I often fill a corrugated 9" x 12" x 2" box filled with sawdust and small wood chips from the shop and use that to get the fire going. Works perfectly. As I said, it's been years since I have ever used a petroleum-based product to light the fire in my woodstove or anyplace else.

To each his own.
 
3 dried pine cones with some small kindling piled around it tee-pee style. i save all my cutoffs from my wood shop, and split that up for kindling. usually throw in 2 or 3 pieces of pine limb about 3" in diameter on top of that. one kitchen match is usually all it takes to get it going. i leave the stove door cracked until i have a decent fire going, then throw a few hardwood splits in, and shot the thing up. once the splits have caught, i close the damper most of the way. that old fisher heats out 1900 feet pretty darn well!

-matt
 
Here 'bouts you gotta first be sur your teeth are cemented in place. Then some of that C-4 Crappie spoke of. Got to sawzall some steel belted ones ( 18"ers best) for holding power and good smokin'. Chiquita boxes are the pits. BUTT: Cleans up the yard. Old banjos work fine---smash against the tailgate first . The jelly won't ignite, forget it; hard to handle like jello.

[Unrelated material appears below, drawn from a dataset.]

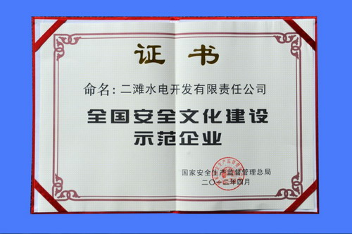 2012年5月9日-10日,國(guó)家安全生產(chǎn)監(jiān)督管理總局在甘肅省金昌市組織召開了2012年全國(guó)安全生產(chǎn)宣傳工作會(huì)議暨安全文化建設(shè)現(xiàn)場(chǎng)會(huì)。會(huì)上,二灘公司被國(guó)家安全生產(chǎn)監(jiān)督管理總局授予“全國(guó)安全文化建設(shè)示范企業(yè)”榮譽(yù)稱號(hào)。
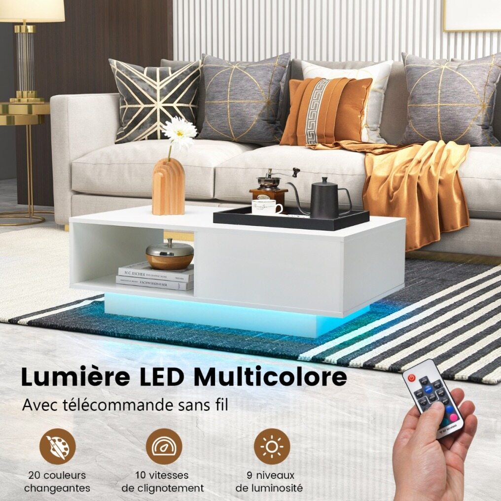 This coffee table brings a romantic atmosphere to your living room. You can choose from 20 different colors of LED lights using the remote control. In addition, there are 5 brightness modes and 5 flashing modes to choose from. The spacious tabletop with open shelves and drawers can meet your storage needs for different items. You don't have to worry about the quality either. This coffee table is made of sturdy MDF for a long service life. The high-gloss finish makes our coffee table look more shiny and attractive. You can place this practical and elegant coffee table in your living room, bedroom, study, etc.

Near an airport ? Siphon off some AV from the nearest Citation (preferred) to mix with the C-4.
Insert into said firebox. Ignite with flint ; look closely with face near firebox to see if the AV takes off. Forget diesel, it's an old man's thing with no BTU or explosive gases to trim eyebrows and beards.

Then once it pops, close damper immediately for best effect. N.B. CLOSE DAMPER.

Then enjoy your fav beverage.

"Kinling ? We don need no stinkin' kinling."
 
I buy a bundle of slats (thin pine 4' long) from H/D and use one lenth each time breaking it up into 6-8" pieces and for the tinder I build bows (mostly hickory) so I have lots of wood shavings from the drawknife that I just pack into a brown paper lunch bag and stack in a big box. Pile all that in there and touch off with the MAPP gas. After a few minutes I toss on a smallish log and let that go for twn minutes and stack it us nice and tight right to the top. This is done when I have let the fire die all out but usually I have a good bed of coals and just toss more in.